Dataset #1: Nkasi’s Congressional Voting Records

Load data, get headers & take a look at it

ds1 <- read.csv("https://archive.ics.uci.edu/ml/machine-learning-databases/voting-records/house-votes-84.data", header = F, stringsAsFactors = F)

#get the header names
ds1_names <- readLines("https://archive.ics.uci.edu/ml/machine-learning-databases/voting-records/house-votes-84.names")[33:49]
ds1_names <- str_extract(ds1_names,"[[:alpha:]-]{2,40}")
ds1_names[1] <- "party"
names(ds1) <- ds1_names

kable(head(ds1))
party handicapped-infants water-project-cost-sharing adoption-of-the-budget-resolution physician-fee-freeze el-salvador-aid religious-groups-in-schools anti-satellite-test-ban aid-to-nicaraguan-contras mx-missile immigration synfuels-corporation-cutback education-spending superfund-right-to-sue crime duty-free-exports export-administration-act-south-africa
republican n y n y y y n n n y ? y y y n y
republican n y n y y y n n n n n y y y n ?
democrat ? y y ? y y n n n n y n y y n n
democrat n y y n ? y n n n n y n y n n y
democrat y y y n y y n n n n y ? y y y y
democrat n y y n y y n n n n n n y y y y
glimpse(ds1)
## Observations: 435
## Variables: 17
## $ party                                  <chr> "republican", "republic...
## $ handicapped-infants                    <chr> "n", "n", "?", "n", "y"...
## $ water-project-cost-sharing             <chr> "y", "y", "y", "y", "y"...
## $ adoption-of-the-budget-resolution      <chr> "n", "n", "y", "y", "y"...
## $ physician-fee-freeze                   <chr> "y", "y", "?", "n", "n"...
## $ el-salvador-aid                        <chr> "y", "y", "y", "?", "y"...
## $ religious-groups-in-schools            <chr> "y", "y", "y", "y", "y"...
## $ anti-satellite-test-ban                <chr> "n", "n", "n", "n", "n"...
## $ aid-to-nicaraguan-contras              <chr> "n", "n", "n", "n", "n"...
## $ mx-missile                             <chr> "n", "n", "n", "n", "n"...
## $ immigration                            <chr> "y", "n", "n", "n", "n"...
## $ synfuels-corporation-cutback           <chr> "?", "n", "y", "y", "y"...
## $ education-spending                     <chr> "y", "y", "n", "n", "?"...
## $ superfund-right-to-sue                 <chr> "y", "y", "y", "y", "y"...
## $ crime                                  <chr> "y", "y", "y", "n", "y"...
## $ duty-free-exports                      <chr> "n", "n", "n", "n", "y"...
## $ export-administration-act-south-africa <chr> "y", "?", "n", "y", "y"...
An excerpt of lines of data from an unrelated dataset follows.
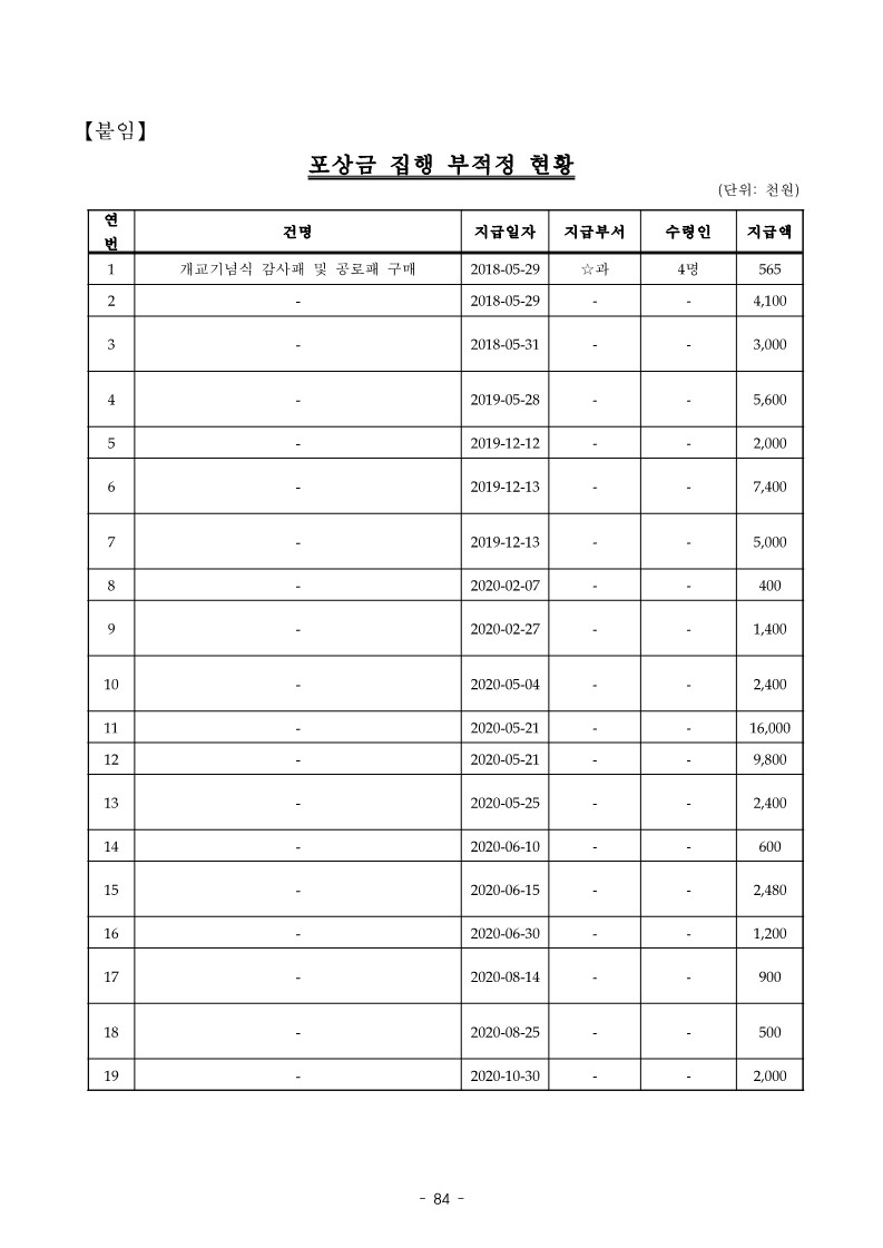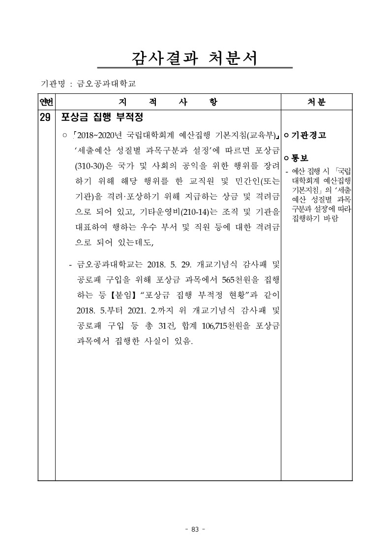 - 금오공과대학교는 2018. 5. 29. 개교기념식 감사패 및 공로패 구입을 위해 포상금 과목에서 565천원을 집행 하는 등【붙임】“포상금 집행 부적정 현황”과 같이 2018. 5.부터 2021. 2.까지 위 개교기념식 감사패 및 공로패 구입 등 총 31건, 합계 106,715천원을 포상금 과목에서 집행한 사실이 있음.
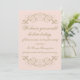 Dekorativa snurrar och flourerar ram den här elegantens vintage inspirerade bröllop-tecken/kort. Systemet för rosa och guld färg.
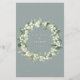 A soft blue-green, four course winter wedding menu, featuring a garland of hand painted snowberries and eucalyptus on the front and a wreath on the back. All text is fully editable, and the scattered dots on the front and back can be deleted before ordering if you would prefer. Please view this Collection in my store for menu’s with alternative floral arrangements, a different number of courses and in different sizes/colours/shapes. Coordinating items also available.
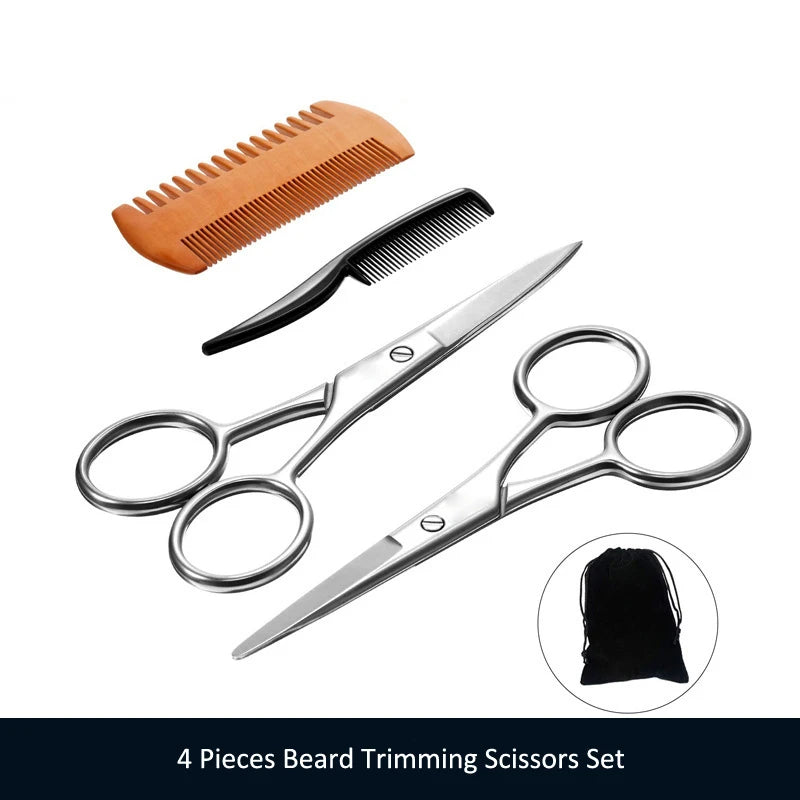 Our Premium 4-Piece Beard Grooming Kit is crafted with the finest materials to ensure long-lasting performance. The stainless steel scissors offer sharp precision cuts, making it easy to trim your beard to the desired length and style. The wooden comb is designed to prevent static and is perfect for both sparse and dense beards. The plastic mini comb is great for intricate areas, providing a smooth grooming experience.Benefits of the Kit
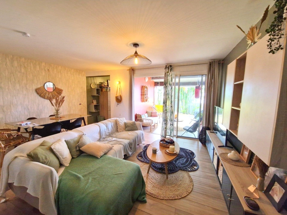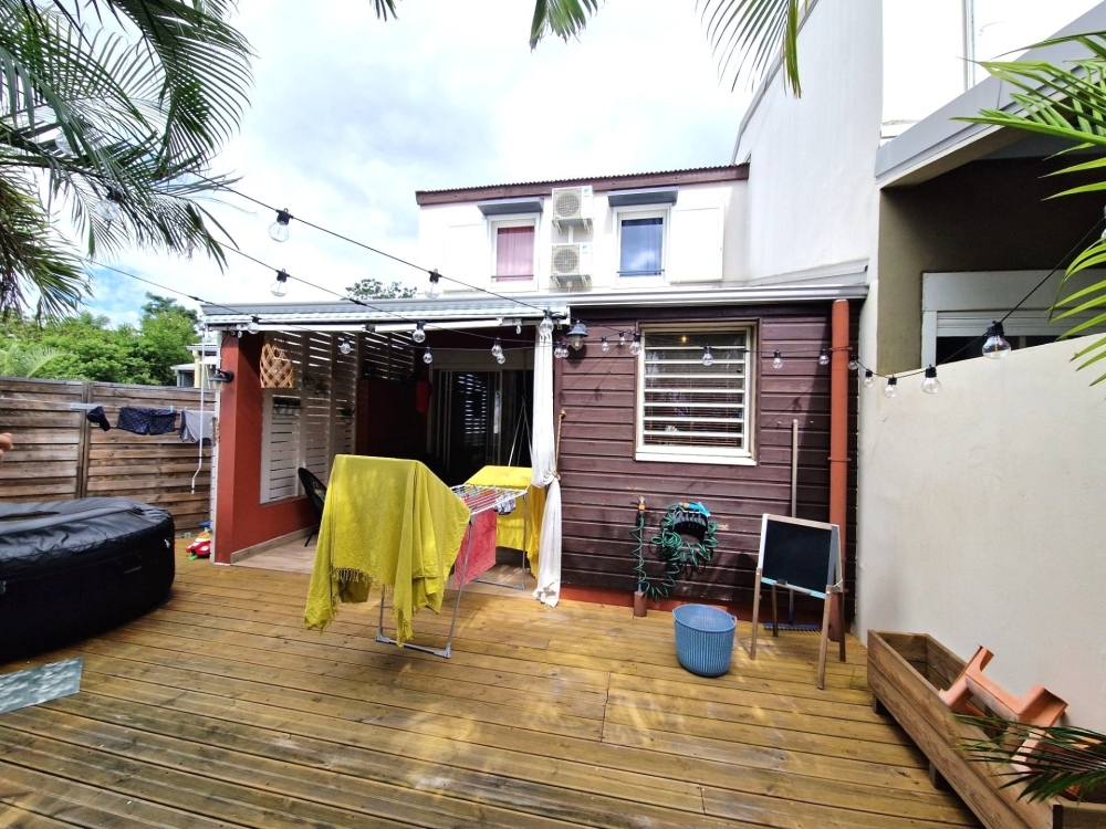 Disponbile le 1/10/2025 - Résidence LE JARDIN DE L'EPERON, 80 route de l'Eperon - Belle villa de type F5 jumelée (non meublée) sur 2 niveaux, d'une surface habitable de 100 m² + varangue de 12 m² prolongée d'une large terrasse (deck) de 30 m2 environ avec limite de propriété bien arborée par des multipliants, avec jardinet et porche à l'arrière ; offrant :
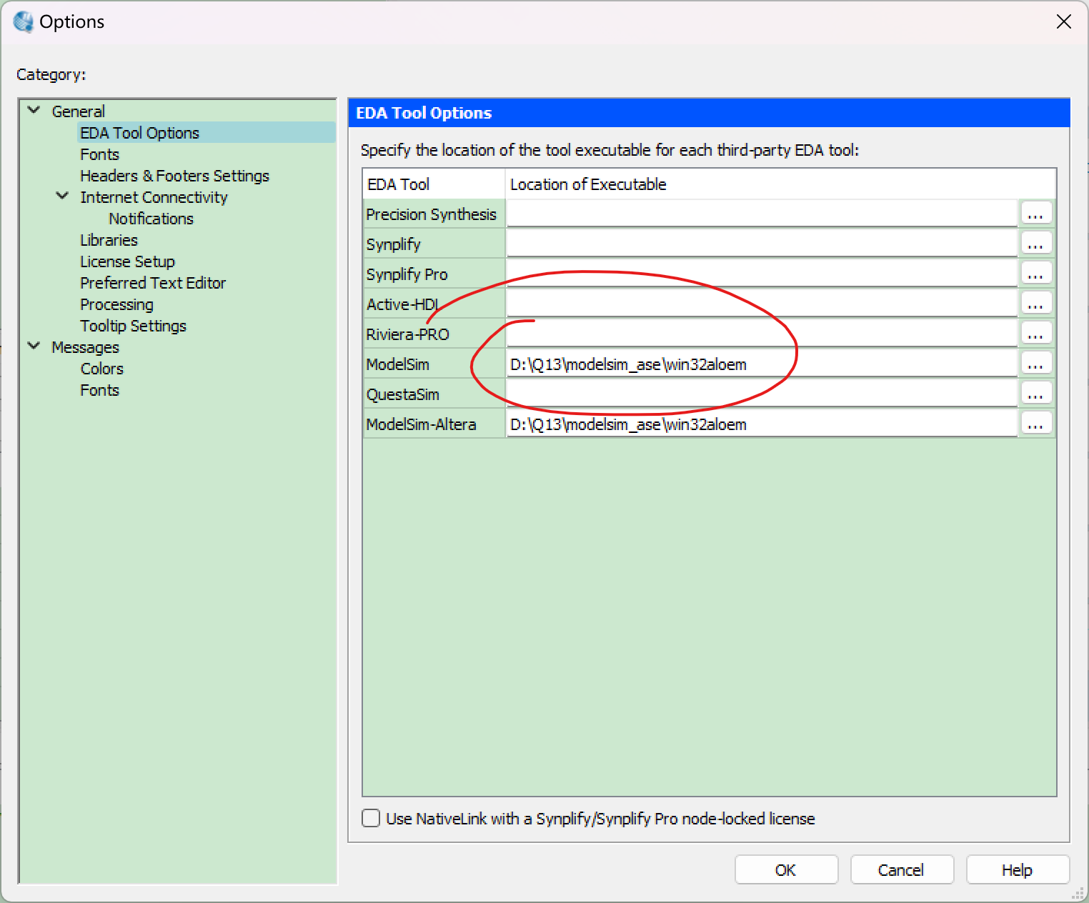 解决办法:按照图示依次点击Tools->Options->General->EDA Tool Options->ModelSim 把路径设置为ModelSim软件所在处。
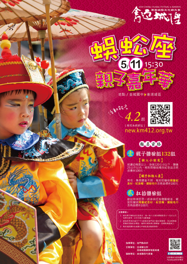 金門年度盛典「迎城隍」即將來臨了,金城鎮公所主辦一項「六十六節蜈蚣座」親子嘉年華活動,將從四月二日的上午九時起開始報名,歡迎親子迎城隍,庇佑保平安。 金門地區年度最盛大的親子同樂活動「蜈蚣座親子嘉年華」活動,將於五月十一日下午舉行遊行,報名將預定從四月二日上午九時起,進行線上開放蜈蚣座妝人小朋友以及扛抬人員報名,歡迎民眾踴躍報名參加,報名網址為:http://new.km412.org.tw,洽詢電話(082)325057,金城鎮公所觀光課。 主辦單位金城鎮公所指出,去年首度舉辦親子蜈蚣座遊行獲得廣泛的迴響,開放報名當天上午妝人小朋友名額就已報名額滿,建國百年時,金門縣以「世界最長純人力肩扛蜈蚣座陣頭」創下金氏世界紀錄,蜈蚣座是金門地區傳統藝陣之一,陣頭出巡有滌蕩邪穢、除惡辟邪之意義,今年是浯島城隍遷治三百三十九年慶典,金城鎮公所選定於五月十一日當天下午舉行蜈蚣座親子嘉年華活動,為即將到臨的四月十二迎城隍活動加溫。 有關妝人小朋友的服裝、化妝,將由鎮公所協請專人協助打理裝扮,名額共一百三十二位,備取二十位小朋友,報名資格為就讀幼兒園以上,身高一百二十公分以下,體重二十五公斤以內的小朋友,金城鎮公所並提醒,小朋友報名還同時須有一名男性成年親友報名參加扛抬人員,鎮公所也歡迎民眾踴躍報名參加扛抬人員。 蜈蚣座活動以親子體驗為主,子女端坐在蜈蚣座上,父親或是叔伯親人一肩扛起蜈蚣座,用呵護、關愛的心情,一步接著一步,走完一段又一段的路,這將是親子間最難忘的回憶,考量蜈蚣座遊行的整體安全及扛抬人員的體力負荷,主辦單位也有限制妝人小朋友的體重上限,遊行路線也將避開城區的狹小巷弄,並且定點停留休息,也大大降低扛抬人員的體力負擔。 蜈蚣座親子嘉年華活動,將於五月十一日下午三時準時出發遊行,參加民眾須記得在活動當天的下午一時前,準時前往金城國中體育館完成報到,逾時未報到者以棄權論,完成報到者也將贈送妝人小朋友文創商品及商品禮券,扛抬人員則為紀念衫乙件及商品禮券。
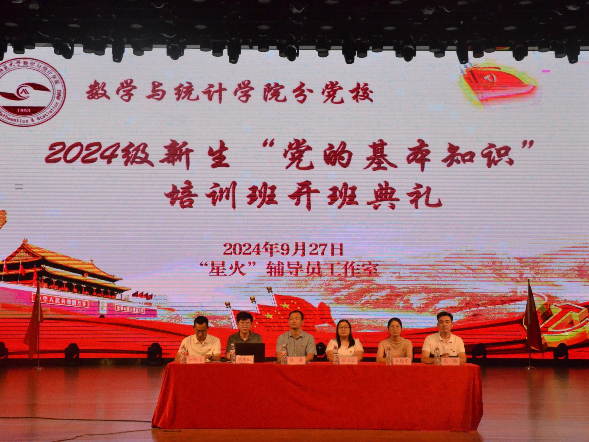 为深入学习贯彻党的二十届三中全会精神,9月27日晚,数学与统计学院分党校在武鸣校区千人演播厅开展2024级新生“党的基本知识”培训班开班典礼,该院党委付进副书记、全体辅导员、本科生第三党支部、本科生第四党支部、全体新生参加此次活动。
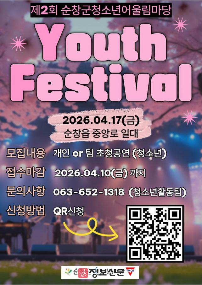 청소년어울림마당은 청소년과 군민이 함께 즐기는 순창 대표 청소년 축제로, 올해 두 번째로 열리는 이번 행사는 ‘제64회 순창군민의 날’과 ‘문집 골목페스티벌’과 연계해 체험부스와 다양한 청소년 공연이 어우러진 더욱 활기찬 행사로 운영될 예정이다.
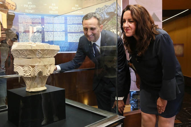 El vestíbulo del Museo Arqueológico de Alicante (MARQ) exhibe desde hoy el capitel gótico de la Pobla Medieval de Ifach en Calp. La pieza fue descubierta en 2016 por el equipo de investigación del museo.
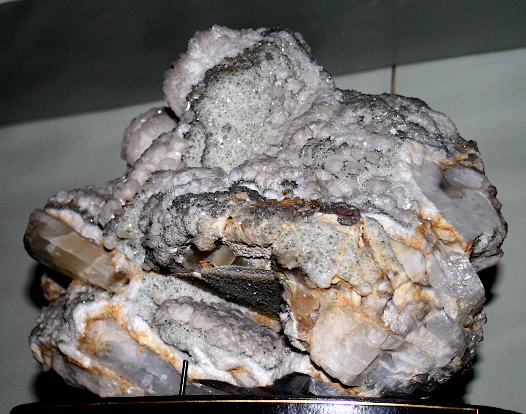 Baryt, auch Schwerspat genannt, is chemisch betrachtet Bariumsulfat Ba[SO4]. Mit einem spezifischen Gewicht von 4,5 g/cm³ ist es deutlich schwerer als normal Gestein, deshalb der Name. Baryt tritt normalerweise als derbe, weiße Ader im Gestein auf, vor allem in polymetallischen Lagerstätten ist es neben Flußspat in den Klüften zu finden. Es bildet sich also aus hydrothermalen Lösungen, aber auch sedimentär-exhalativ, insbesondere wo sich barium- und sulfatreiche Lösungen mischen. Baryte zeigen manchmal bei UV-Licht eine gelbliche, orange oder rosafarbene Fluoreszenz.
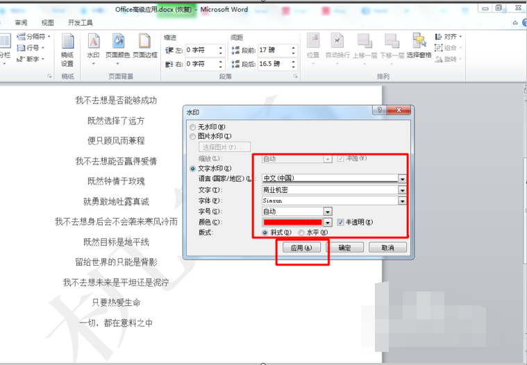 如果需要加深,可在设置水印时的对话框中选择深一些的颜色,并去掉半透明的勾
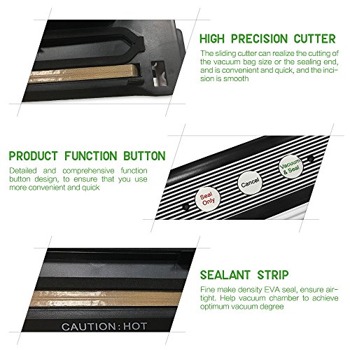 Vacumm Sealer,2017 New Model Automatic Adjustable Vacumm Sealing System for Food Preservation Food Sealer Sous Vide with Sealing Starter Vacuum Bag and Roll (Large) (Large)
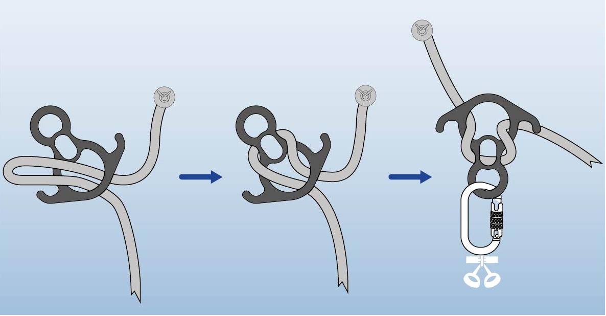 - ควบคุมการโรยตัวลงเส้นเชือกจากที่สูง โดยรูเล็กใช้สำหรับคล้องคาราบิเนอร์ และรูใหญ่ใช้สำหรับสอดเชือกเข้าจากด้านบน เพื่อให้เกิดแรงเสียดทานจากการงอตัวขอเชือกในขณะที่เชือกพาดผ่านโลหะ เพื่อช่วยชะลอความเร็ว

Tidy & mutate the data, remove non-yea-or-nay votes

party_agreement <- ds1 %>% 
  gather("voting_issue", "vote", 2:17) %>%
  filter(vote %in% c("y", "n")) %>% 
  group_by(party, voting_issue, vote) %>% 
  summarise(vote_count = n()) %>% 
  spread(vote, vote_count) %>% 
  rename(nay_votes = n, yea_votes = y) %>% 
  mutate(total_votes = nay_votes + yea_votes, 
         agreement_rate = pmax(nay_votes, yea_votes) / total_votes, 
         most_votes = ifelse(yea_votes > nay_votes, "yea", "nay")) %>% 
  select(party, voting_issue, agreement_rate, most_votes) 
    #switch("n" = "nay_votes", "y" = "yea_votes")

kable(head(party_agreement))
party voting_issue agreement_rate most_votes
democrat adoption-of-the-budget-resolution 0.8884615 yea
democrat aid-to-nicaraguan-contras 0.8288973 yea
democrat anti-satellite-test-ban 0.7722008 yea
democrat crime 0.6498054 nay
democrat duty-free-exports 0.6374502 yea
democrat education-spending 0.8554217 nay

Analysis that can be done:

  1. Which issue attracted the most difference (in voting pattern) between members of congress according to affiliation?

My interpretation of the question: On which issue was each party the most divided?

party_agreement %>% 
  filter(party == "democrat") %>% 
  arrange(agreement_rate) %>% 
  head(1) %>% 
  kable()
party voting_issue agreement_rate most_votes
democrat water-project-cost-sharing 0.5020921 yea
party_agreement %>% 
  filter(party == "republican") %>% 
  arrange(agreement_rate) %>% 
  head(1) %>% 
  kable()
party voting_issue agreement_rate most_votes
republican water-project-cost-sharing 0.5067568 yea
  1. Which issue showed the most common ground (in voting pattern) between members of congress according to affiliation?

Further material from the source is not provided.